The field of brain-computer interfaces relies on the ability of the brain to be able to generate certain types of responses that can then be harnessed by computers, to be
able to be interpreted by computers. Scientists are developing safe, non-invasive devices that can connect to the brain to accomplish things like controlling a prosthetic arm or sending commands to a computer.
When we are looking at the development of this whole field of brain-computer interfaces is to think of it in terms of studying how the brain controls the body. It could be telling the legs to jump in the air, or activating glands to produce sweat, the body's actions and
functions are controlled by neurons. They communicate information to and from the brain and the rest of the nervous system using chemical and electrical signals. So neurons are sending these electrical pulses to each other and eventually to the muscles that are then controlling my body.
And as the brain controls muscles, researchers can use new technologies to tap into these signals to control machines. The understanding of how the brain controls movement led
to the development of devices and algorithms, which can be implemented on a computer that recognize these patterns in the activity of brain cells and then correspondingly move
an artificial device.
To demonstrate how this technology works, the scientists and their students use a brain computer interface that allows them to study nonverbal communication. First, the student is fitted with an electroencephalogram cap, which is a series of electrodes placed on the scalp to record brain signals. When a question appears on the monitor, the student answers "yes" or "no" by looking at one of the flashing lights, which are blinking at different frequencies. When the subject's eyes focus on one of the response lights, the frequency of that specific light is picked up by the visual cortex in the brain and measured by the electroencephalogram cap. 12 hertz represents a "yes" frequency, while a "no" is at a frequency of 13 hertz. The computer interprets this signal and moves the cursor in the direction of the response.
Using an electroencephalogram cap is not the only way to measure brain activity. Some brain computer interfaces use a method called electrocorticography. It also records brain activity but unlike the electroencephalogram cap, it is surgically placed directly on the surface of the brain, providing a clearer signal and more precise information.

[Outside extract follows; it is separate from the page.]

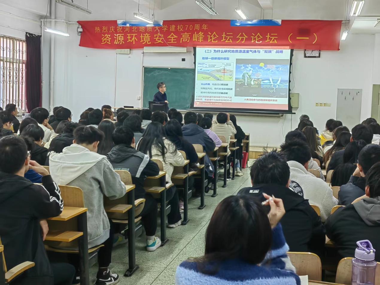 2023年11月18日下午,bat365官网优秀校友中国科学院地质与地球物理研究所郭正府研究员在教1-104作了题为“地质源温室气体与"双碳"战略”的学术报告。本次报告是bat365官网“九鼎讲座”系列讲座之一,由地球科学学院主办,bat365正版唯一官网教育发展基金会“九鼎讲座”基金赞助。报告由副校长闫军印教授主持,地球科学学院副院长李英杰教授、部分教师、研究生和本科生100余人参加了报告会。郭正府研究员围绕地质源温室气体与碳达峰、地质源温室气体与碳中和等进行了一场深入浅出的精彩报告。闫军印副校长对本次报告做了总结,对郭正府研究员在校庆70周年之际返校给师生带来的精彩报告表示衷心的感谢。

For example, patients can imagine moving their hand. Then, scientists use a computer to extract the patterns that correspond to imagined movement of the hand compared to, for example, not imagining and just resting. From there, the computer can distinguish the two types of brain activity: imagining movement and not imagining movement, then use that information to enable hand control by mental activity.
Given the right kinds of information and the right kinds of devices that are useful for the animal or for the human, the brain can start to adapt. With practice, the brain can learn to do something it is never done before, like control a prosthetic, which it is not familiar with.
But the key is to understand how these neural networks communicate between the brain and the body. So, if we are able to understand the brain better, then we will be also able to build better brain-computer interfaces, because they can use those signals that are responsible for different kinds of movements.
Now, let us move from the labs to the factory, and from science to business.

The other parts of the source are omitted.